In the long-jawed night of fur trappers.

But, small, filthy, unwinged,
You will soon be crouching

Alone, with maybe some dim racial notion
Of being the last, but none of how much
Your unnoticed going will mean:
How much the timid poem needs

The mindless explosion of your rage,

The glutton's internal fire the elk's
Heart in the belly, sprouting wings,

The pact of the "blind swallowing
Thing," with himself, to eat
The world, and not to be driven off it
Until it is gone, even if it takes

Forever. I take you as you are

And make of you what I will,
Skunk-bear, carcajou, bloodthirsty

Non-survivor.

Lord, let me die but not die
Out.

The Electric Slide Boogie by Audre Lorde
New Year's Day 1:16 AM
and my body is weary beyond
time to withdraw and rest
ample room allowed me in everyone's head
but community calls
right over the threshold
drums beating through the walls
children playing their truck dramas
under the collapsible coatrack
in the narrow hallway outside my room

The TV lounge next door is wide open
it is midnight in Idaho
and the throb easy subtle spin
of the electric slide boogie
step-stepping
around the corner of the parlor
past the sweet clink
of dining room glasses
and the edged aroma of slightly overdone
dutch-apple pie
all laced together
with the rich dark laughter
of Gloria
and her higher-octave sisters

How hard it is to sleep
in the middle of life.

7 comments:

Susan Rich said...

Great post, Martha!
I am a great fan of Millay and Bishop -- love those two poems.
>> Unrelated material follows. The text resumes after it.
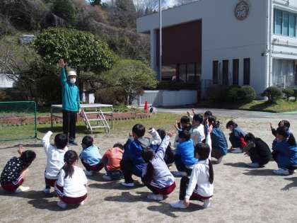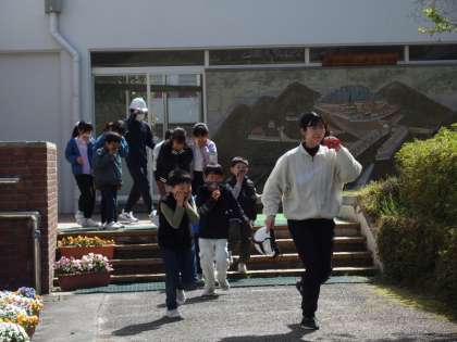 子どもたちは、放送が入ると指示を静かに聞き、鼻と口をおさえて煙を吸い込まないようにしながら、素早く運動場へ避難することができました。

Where did you find out all these poets birthdays?

Martha Silano said...

I did what the lazy do: I googled "February Poets Birthdays."

Kathleen said...

Happy Birthday, February Poets!

Geoff M. Pope said...

"Poor bird, he is obsessed!"
Yes, sandpipers are quirky,
crazy — a what a relation:
“in a state of controlled panic, a student of Blake.”

Martha, I applied for the English Instructor position
at BC. Please put in a birdie word for me.

Rob said...

February is gone; James Dickey has ripped it to shreds. And I mean this in the best possible way.

Martha Silano said...

ha, rob -- love it, and love that wolverine poem. if i ever try to write about an endangered animal (which i so want to do!), I hope to write half as well as Dickey in that poem.

Martha Silano said...

Geoff: funny, I'm not even bothering to apply (have never nor will ever teach tech writing). Hope you get an interview!